→ **Activity**:
Write out word for word the lines from the one holding "日前,中国税务学会致信感谢B" through the end of the data, and only those lines. Pictures stay out.

---------- Information given

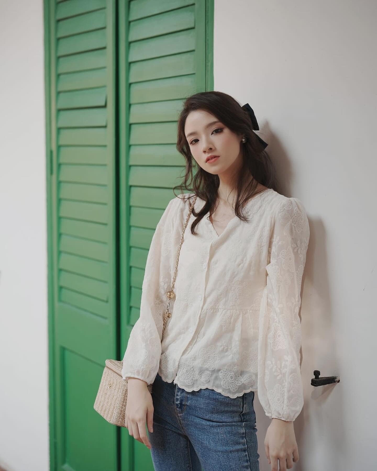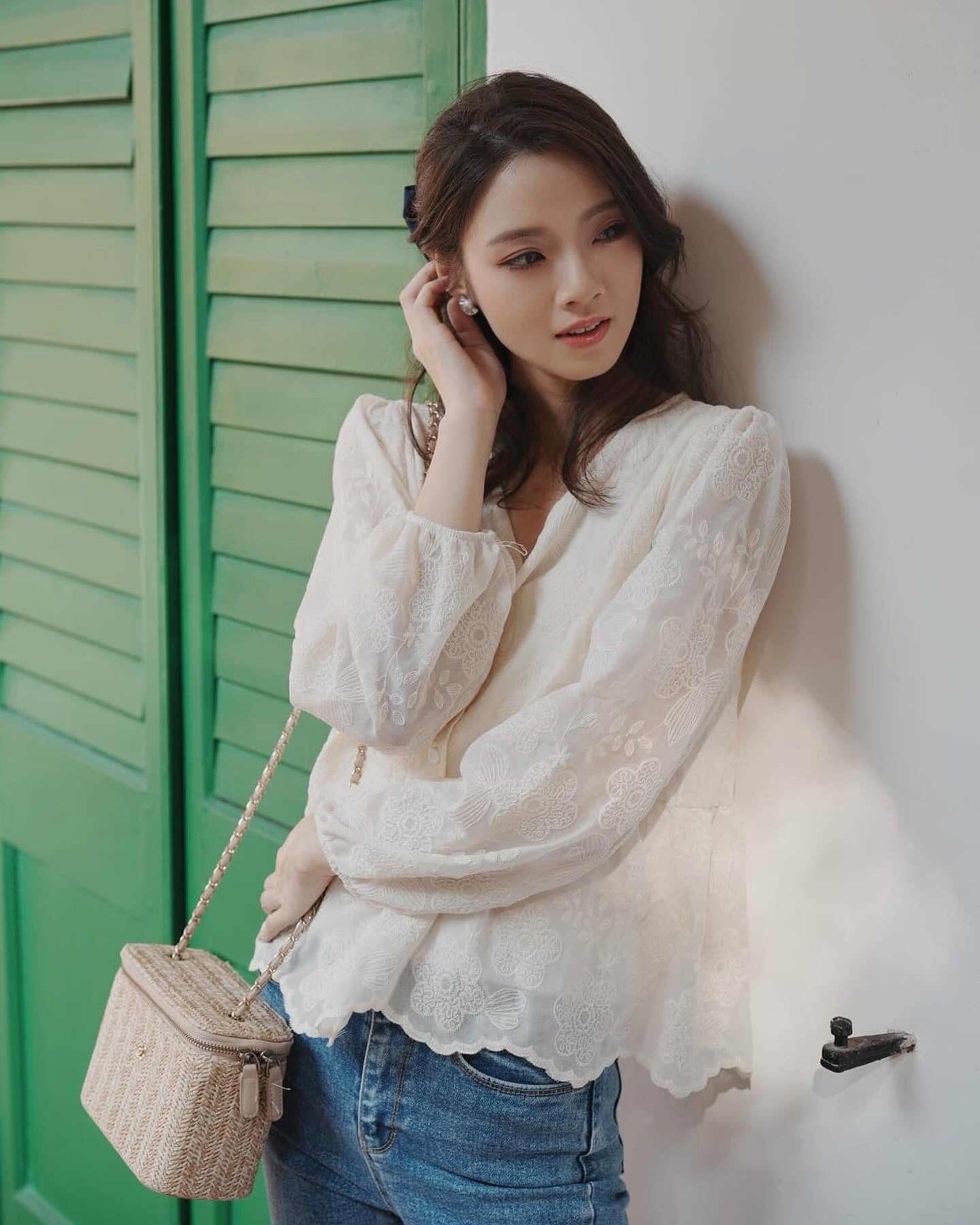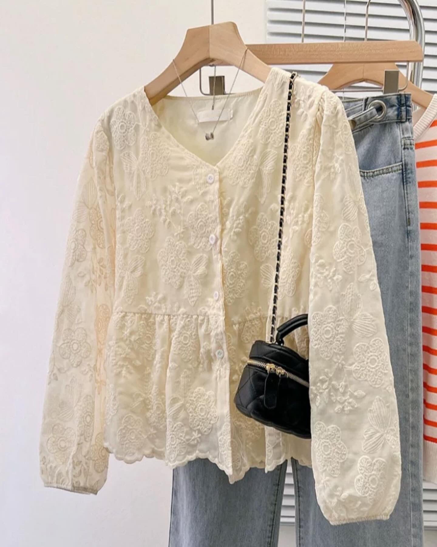 韓系V領小繡花收腰上衣
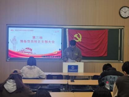 随后,会议讨论了朱贵旭、汪友胜2位同志预备党员转正事宜。本次支部大会应到正式党员20人,实到正式党员19人,有表决权的到会人数超过应到会有表决权人数的半数,大会符合要求并正式召开。王诗琪首先介绍了转正流程以及拟转正的预备党员同志基本情况。其次,2位预备党员分别汇报自身相关情况,与会的党员酝酿讨论并发表意见。预备党员表态发言,与会正式党员进行无记名投票表决,监票人、计票人清点表决票,由王诗琪同志宣布投票结果,并宣读支部大会决议。最终经支部大会无记名投票表决,对两位同志预备党员转正的赞成人数超过应到会有表决权的正式党员的半数,同意接受其为中共正式党员。
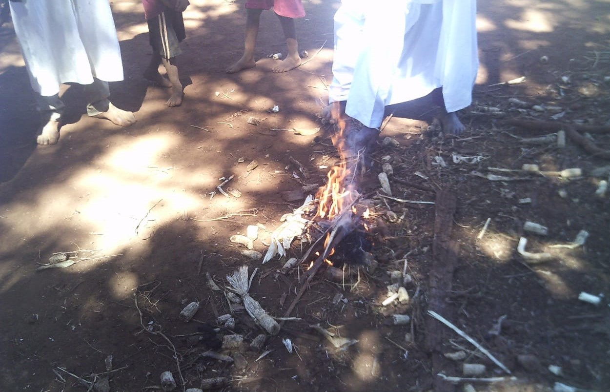 Er meint es sehr ernst und hat alle seine „Fetische und Zaubersachen“ öffentlich verbrannt. Damit hat er sich quasi von der ganzen Sippe „abgekoppelt“. Das ist ein mega-Meilenstein im Leben eines Christen dort und ein großes Zeichen für alle in der ganzen Gegend.
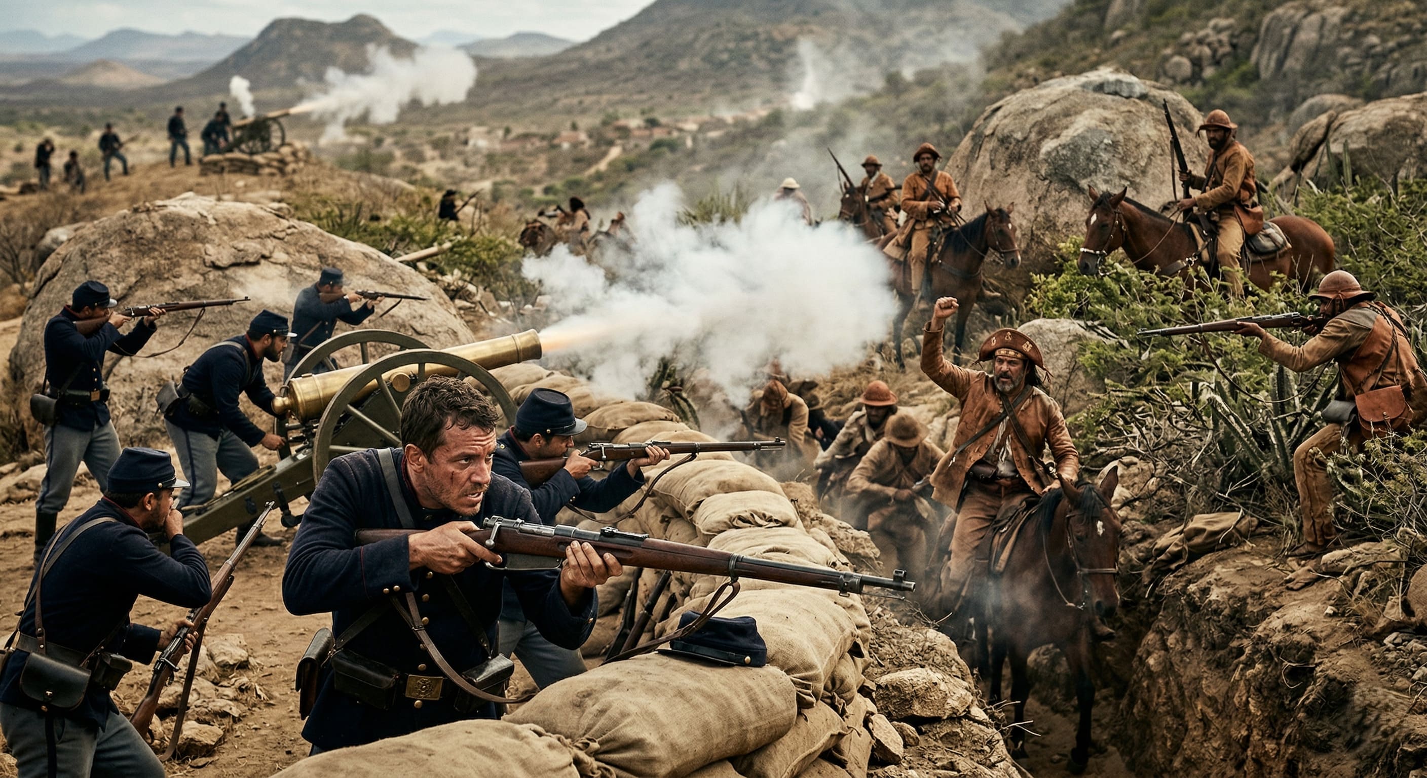 Alt Text: Batalha violenta entre as tropas oficiais republicanas e os rebeldes sertanejos camuflados na paisagem e nas trincheiras em meio às serras da Bahia.
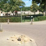 Wie, o wie, is verantwoordelijk voor deze blunderende verkeerssituatie? En wat heeft hem of haar gemotiveerd? Normaal gesproken hebben paaltjes de functie het verkeer tegen te houden of iets te beschermen. Hier is blijkbaar sprake van een ander doeleinde. Maar welk? Ik kan ik me niets bij voorstellen. Eén van mijn kennissen verzucht bij dit soort rare zaken: “Daar is waarschijnlijk iemand op afgestudeerd”. Het zal wel!
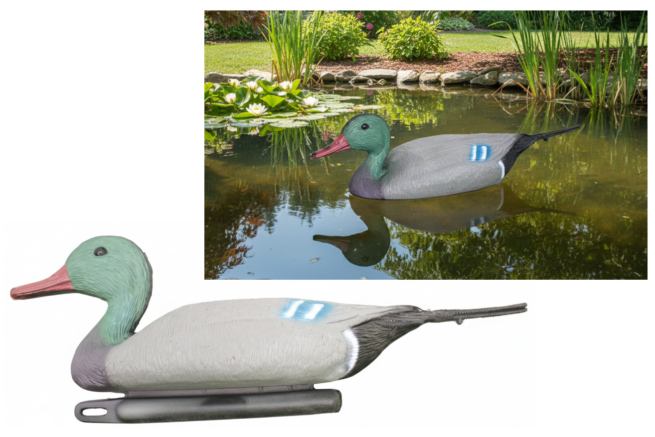 Ptak sztuczny-plastik KACZKA 48x15x14 cm SZARO-ZIELONA
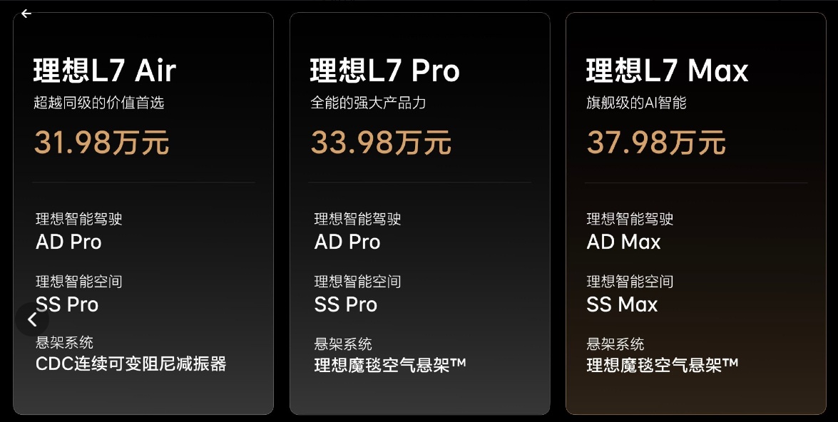 智通财经APP获悉,理想汽车(02015)官微2月8日消息,理想L7正式上市。理想L7 Air全国统一零售价31.98万元,理想L7 Pro和Max全国统一零售价分别为33.98万元和37.98万元。官微表示,理想L7 Pro 和Max 将在3月1日陆续开启交付,理想L7 Air 将在4月初陆续开启交付。理想还将同步推出理想L8 Air,售价为33.98万元,理想L8 Air 也将在4月初陆续开启交付。理想L7全系车型和理想L8 Air 即将在理想汽车App和官网开启正式定购。明天起,消费者可以在理想汽车全国各地的零售中心体验和试驾全新的理想L7。
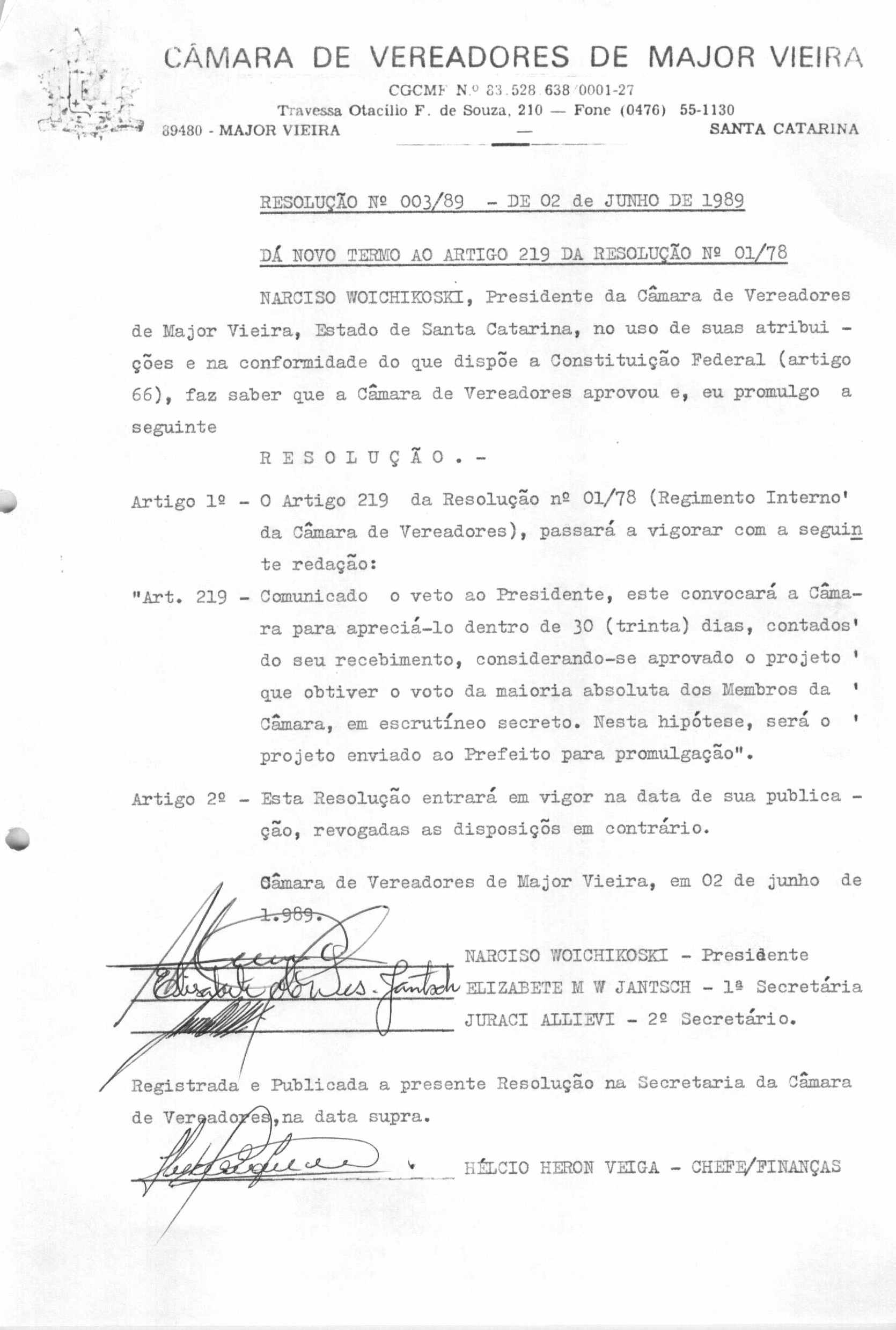 RES 3/1989 - RESOLUÇÃO PROMULGADA
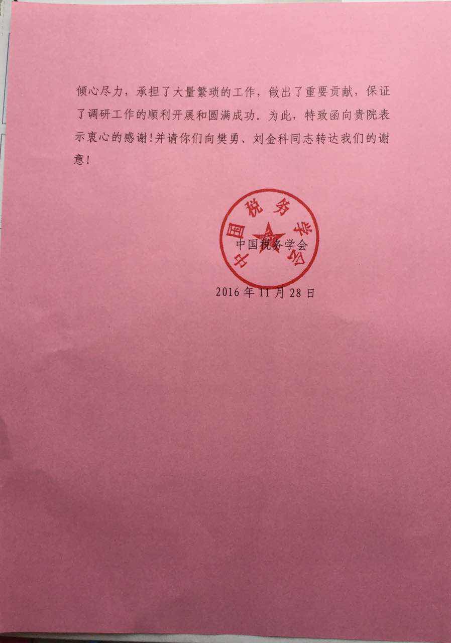 日前,中国税务学会致信感谢Beat365官方网站对学会工作的大力支持,特别感谢樊勇、刘金科两位教师参与金融业营改增税负问题专项课题研究所做出的努力与贡献。学会对两位教师全程参与课题调研工作,克服困难,不辞辛苦、献计献策,承担了大量繁琐的工作,倾心尽力并做出重要贡献,给予了高度肯定。
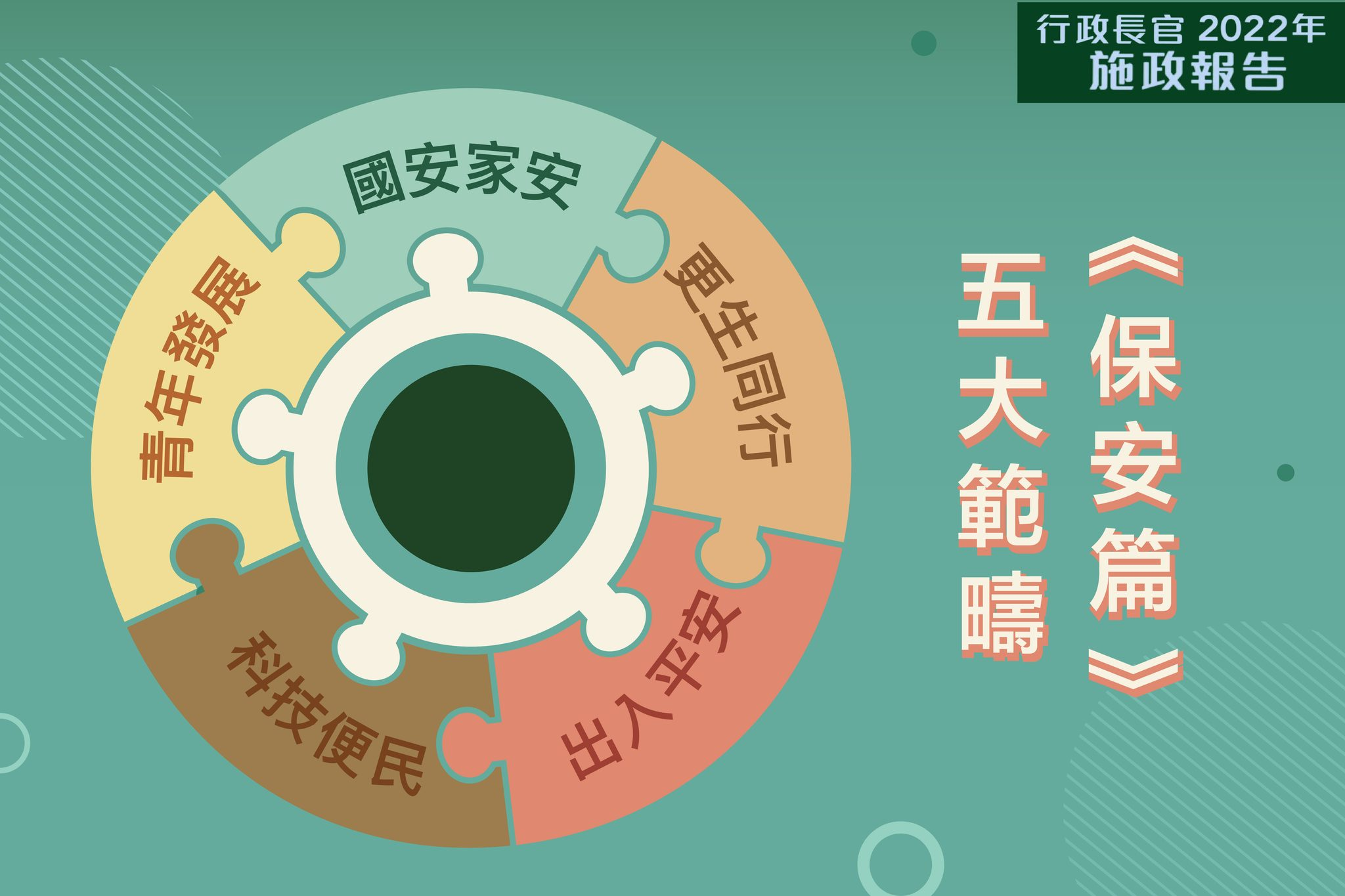 鄧炳強說,在這份施政報告裡,涉及保安局的措施可分為五大範疇,分別是「國安家安」、「更生同行」、「出入平安」、「科技便民」以及「青年發展」,鄧炳強更在社交專頁內把資訊圖列出了每個範疇的重點,希望市民更清晰了解相關政策措施。
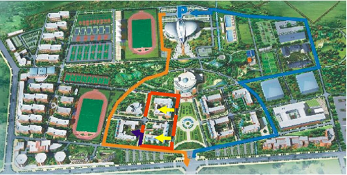 紫色路线为考场唯一通道,由教师带队进入2教备考区

--------------------

→ **Written solution**:
 日前,中国税务学会致信感谢Beat365官方网站对学会工作的大力支持,特别感谢樊勇、刘金科两位教师参与金融业营改增税负问题专项课题研究所做出的努力与贡献。学会对两位教师全程参与课题调研工作,克服困难,不辞辛苦、献计献策,承担了大量繁琐的工作,倾心尽力并做出重要贡献,给予了高度肯定。
 鄧炳強說,在這份施政報告裡,涉及保安局的措施可分為五大範疇,分別是「國安家安」、「更生同行」、「出入平安」、「科技便民」以及「青年發展」,鄧炳強更在社交專頁內把資訊圖列出了每個範疇的重點,希望市民更清晰了解相關政策措施。
 紫色路线为考场唯一通道,由教师带队进入2教备考区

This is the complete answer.